Fake Terrorists Fake Kidnap Ricky Gervais In A New Trailer For Netflix’s Very Real ‘Special Correspondents’ Trailer

Political satires, even vaguely, tangentially political satires, haven’t had a great track record as of late. Last September, the Sandra Bullock-led Our Brand Is Crisis was poised to be a major hit and serious Oscar contender for its leading actress, but by its release in November, it had been critically shunned and put up the lowest box-office receipts of Bullock’s career. More recently, Tina Fey starred in Whiskey Tango Foxtrot, which was billed as a satirical look at a reporter’s life in Afghanistan, but ended up as something closer to a war zone-set Eat Pray Love.
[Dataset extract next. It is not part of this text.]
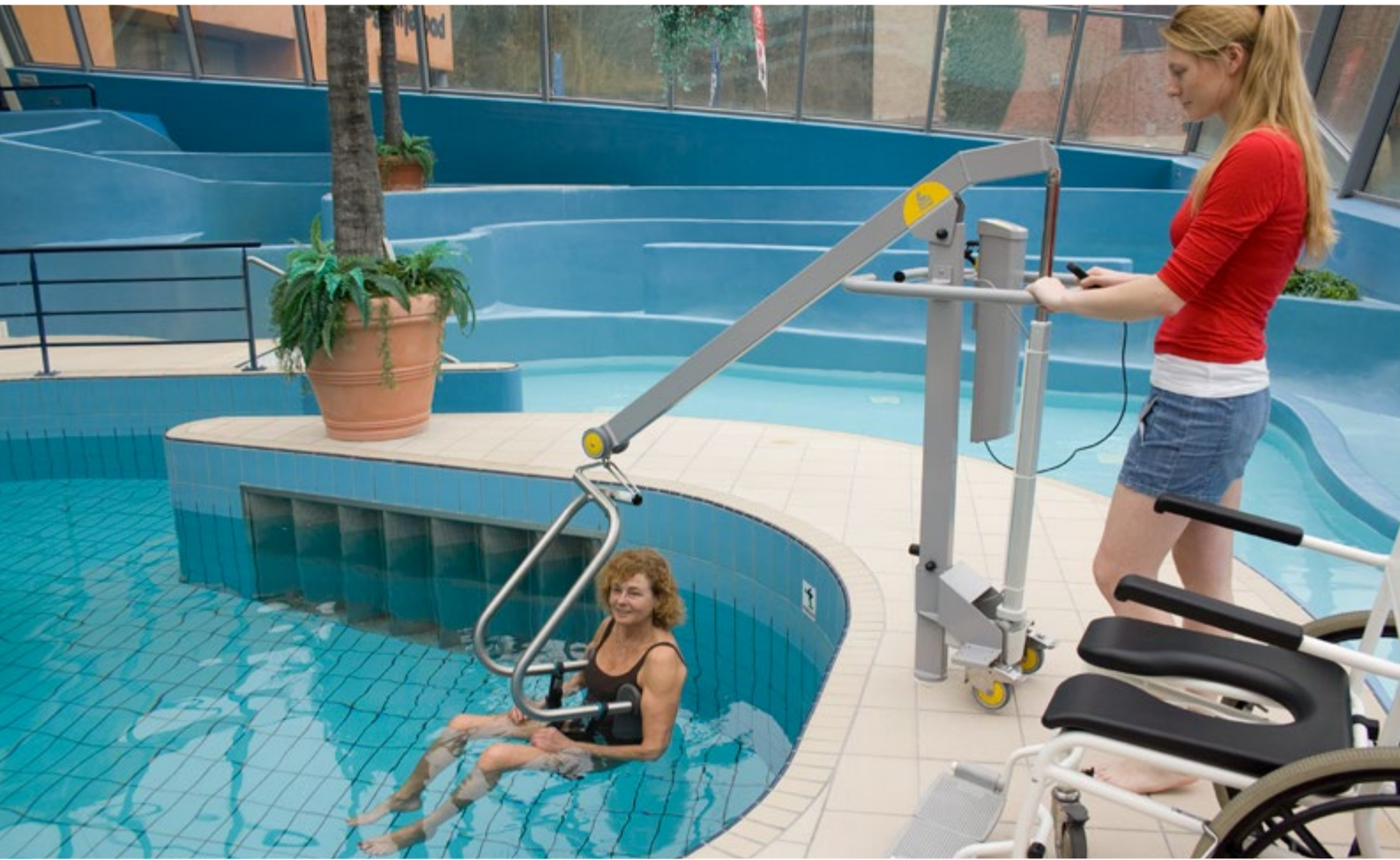
∨ Schwimmbadlifter mit Hehebügel

American audiences are long overdue for a nice, toothy satire to expose the hypocrisies of modern life’s broken institutions. Who will step up to be the defender of decency and take the goons of the world to task?
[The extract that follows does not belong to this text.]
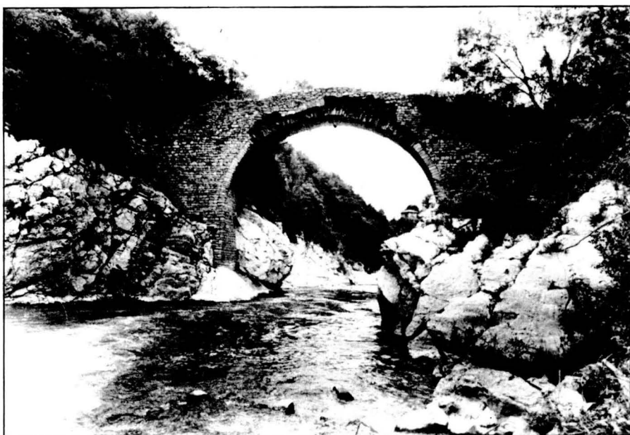
Pont romànic d'Alfar

Why, who but Ricky Gervais! The new Netflix original film Special Correspondents places the polarizing comedian on triple duty as director, writer, and star, and he’s got plenty to say about American politics and the declining state of journalism. An adaptation of a 2009 French film of the same name, the movie due April 29 features Gervais and Eric Bana as a pair of down-on-their-luck reporters assigned to an extended embed in fictitiously war-torn Ecuador. The trouble is that Gervais’ character threw their allowance of money and airplane tickets in the garbage for what would have to be a good reason, and so the pair is faced with a choice: either sheepishly return to their editor and confess to their own incompetence, or phone in elaborate hoax-reports with DIY sound effects replicating the conditions of the Ecuadorian environment. Guess which path they decide to take? It works out well enough, until mounting demands for video footage force the pair to hire a pair of fake terrorists to fake-kidnap them. Things, as they often do when fake-terrorists enter the mix, then get worse.
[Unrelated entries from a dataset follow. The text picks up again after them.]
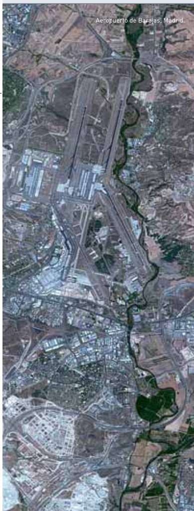
Aeropuerto de Barajas, Madrid.

Viajé al espacio por primera vez el 29 de octubre de 1998. Antes estuve más de un año en Rusia. Viví en la Ciudad de las Estrellas, un pequeño pueblo de 5.000 residentes totalmente enfocado al espacio, con sus técnicos, ingenieros y centros de entrenamiento. Cuenta con restaurantes, colegios, cines, todo lo necesario para hacer la vida agradable a los que allí viven, porque esa ciudad era producto de la planificación soviética, que en cuestiones del espacio era autárquica.
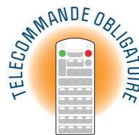
Télécommande non incluse
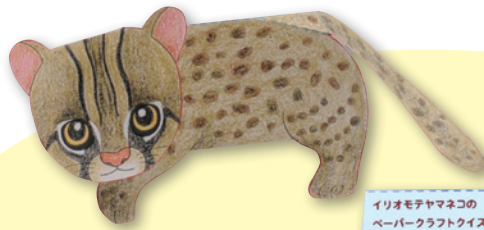
イリオモテヤマネコの ペーパークラフトクイズ! 沖縄のどこの島に生息している?
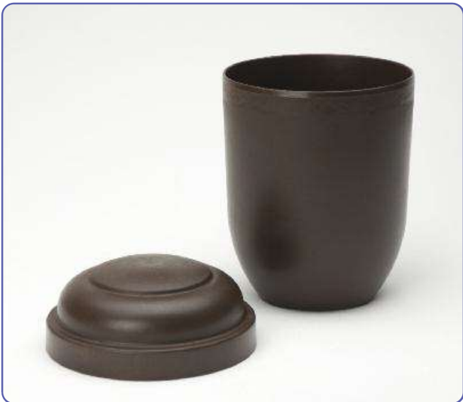
Urne aus 100% Biomaterial.

Wir fertigen hochwertige Spritzgießteile in Ihrem Auftrag. Auch bei besonderen Problemen stehen wir Ihnen mit unserem gesamten Know-how zur Verfügung, um mit Ihnen gemeinsam spezielle Lösungsmöglichkeiten zu realisieren.
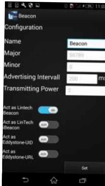
Android App gefundene Beacons
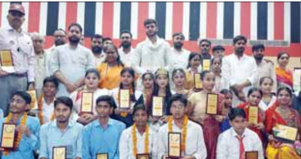
कार्यक्रम में प्रतिभाग करने वाले छात्रों को सम्मानित करती पूर्व केंद्रीय राज्यमंत्री साध्वी निरंजन ज्योति।

फतेहपुर। कारगिल विजय दिवस पर भारतीय जनता युवा मोर्चा की ओर से दो दिवसीय कार्यक्रम के तहत शुक्रवार को प्रेक्षागृह परिसर में विभिन्न सांस्कृतिक कार्यक्रमों के साथ-साथ सभा का आयोजन कर वीर सैनिकों को श्रद्धांजलि अर्पित की। सभा में मुख्य अतिथि के रूप में पूर्व केंद्रीय राज्यमंत्री साध्वी निरंजन ज्योति रहीं।
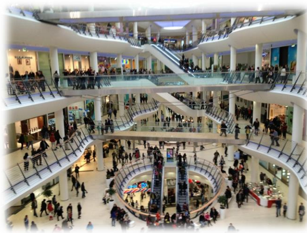
Fig. 1- Personas en centro comercial

Mediante un análisis orientado a la identificación y clasificación de los riesgos y amenazas estos sectores económicos determinan los Planes de Emergencia Internos y Externos (PEI, PEE) cuyos manuales contienen toda la información necesaria para el control de cada tipo de emergencia dentro de la instalación pública y zonas comerciales que puedan verse afectadas.

Judging from the trailer above, it looks like a pretty good time, and the solid supporting cast only sweetens the deal. Vera Farmiga warbles out a tune as Gervais’ wife hoping to spin this “tragedy” into a successful singing career, America Ferrera steps in as Gervais and Bana’s local liaison, and Kelly Macdonald reappears in her first post-Boardwalk Empire role. Gervais already scored a pair of Emmy nominations for Netflix with his miniseries Derek; they’re banking that he’ll be able to pull a similar feat this time around.